We encountered another challenge related to scaling the Premium Azure Function app. Despite our efforts in configuring Event-driven scaling or Target-based scaling, the number of instances scaling up was consistently limited to just 10. Considering we had 32 partitions in the Event Hub and a significant influx, the optimal number of Azure Function instances at peak should have been 32. Unfortunately, the scaling was capped at a mere 10 instances, causing an overall slowdown in the processing.

The root of the issue lay in the subnet capacity, which had a limited amount of addresses. The CIDR block size was set to /28, resulting in a restricted number of available addresses. The maximum number of available addresses in /28 CIDR block size was just 11 (see table below), but we needed more!

Maximum number of available addresses in /28 CIDR block
Table 1. Source: Azure subnets 

The scaling of the Azure Function began functioning as anticipated after modifying the configuration to employ a /26 CIDR block size!

Optimizing Concurrency Configuration to Manage High CPU Utilization

Our challenges were not over. The process of creating feeds, managed by Service Bus trigger Functions, was taking significantly longer than anticipated. The CPU utilization of the App Service Plan remained consistently high, hovering around 95 percent throughout the entire execution period.

We traced the root cause to the default handling of concurrent requests by the function. While a higher number of concurrent requests might speed up operations, we realized it's crucial to exercise finer control, especially for CPU/Memory-intensive tasks.

To address this, we adjusted the MaxConcurrentCalls parameter of the ServiceBus configuration to a lower value. This strategic modification helped strike a balance between the overall execution speed and CPU utilization.

Conclusion

Our experience in fine-tuning the system for heavy-duty tasks highlights how small changes can have a big impact. Simple tweaks, like using caching and proper lifetime scope for the objects, might seem small, but they can significantly boost the system's performance. Even minor shifts in cryptographic algorithms can make a noticeable difference.
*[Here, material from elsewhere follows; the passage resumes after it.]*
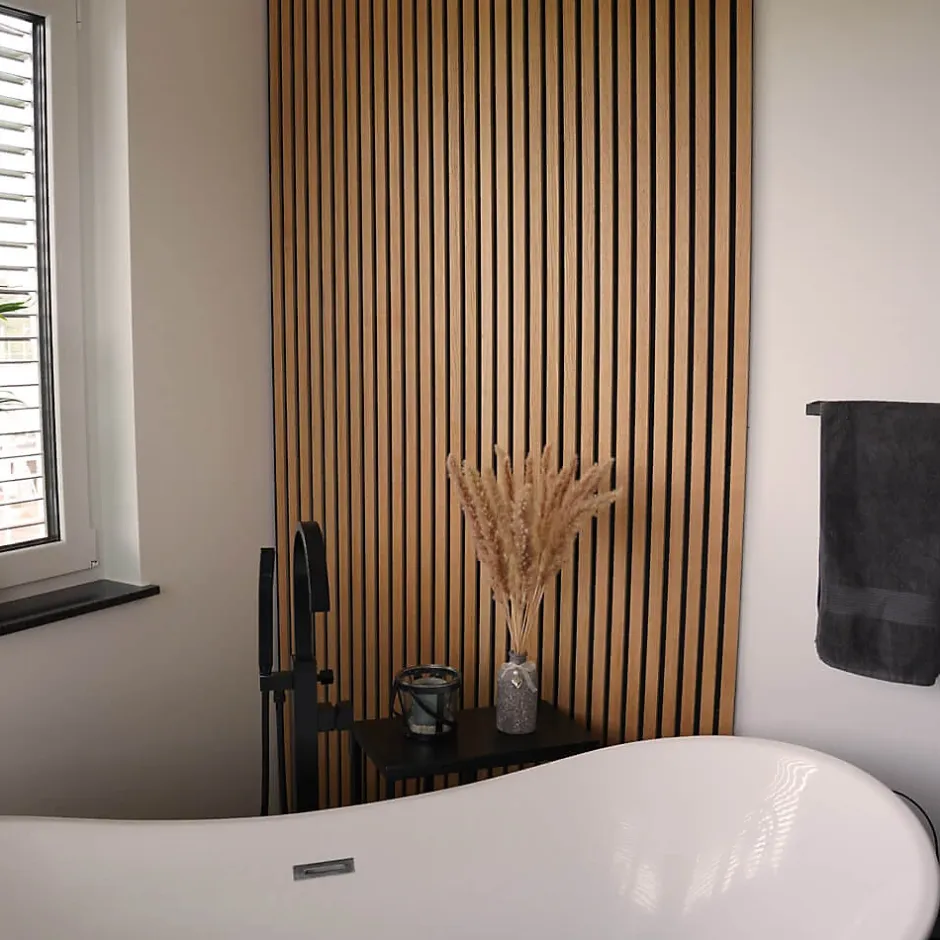 Dimensions par panneau acoustique (L x l x H) : 240 x 40,5 x 2,1 cmMatériau : feutre en polyesterCouleur : Oiled OakInstallation rapide et facile – Do it yourselfDesign scandinave à partir de matériaux respectueux de l’environnementAtténue le bruit grâce au feutre acoustiquePeut être raccourci et découpé individuellementTransforme tes murs en un véritable point fort – avec les panneaux muraux SONIC. Le design moderne crée immédiatement une atmosphère élégante et confère à chaque pièce un caractère exclusif.Les panneaux muraux SONIC convainquent par leur finition de qualité et leur design intemporel. Qu’ils soient utilisés comme détail discret ou comme élément de décoration marquant, ils apportent chaleur, élégance et un sentiment de modernité dans tes pièces. Grâce à leur flexibilité d’utilisation, tu peux combiner les panneaux selon ton style et faire ainsi du salon, de la chambre à coucher, du bureau ou du couloir un véritable point de mire. Le montage est simple et te permet de réaménager tes murs rapidement et facilement.Avec les panneaux muraux SONIC, fais une déclaration claire dans ta maison. Commande maintenant et donne à tes pièces le look moderne et raffiné qu’elles méritent !Remarque : veuillez noter que la couleur des placages de bois peut varier en fonction du lot. De plus, la couleur des panneaux peut apparaître différemment selon l’exposition à la lumière. Ces caractéristiques naturelles ne constituent pas un motif de réclamation. Détails du produit:Panneau mural de style scandinaveInsonorisantMontage rapide et facilePeut être raccourci et découpé individuellement

These little improvements worked together to take our system's performance to a whole new level.

In the world of handling massive amounts of data, it's crucial to understand that problems like the SNAT port issue we discussed may not be a big deal in regular applications. However, when dealing with a ton of data, every detail counts, and fixing even the smallest things can lead to major improvements in how well the system runs. This journey showed us that paying attention to the little things and always looking for ways to make things better is key to getting the best performance in high-pressure situations.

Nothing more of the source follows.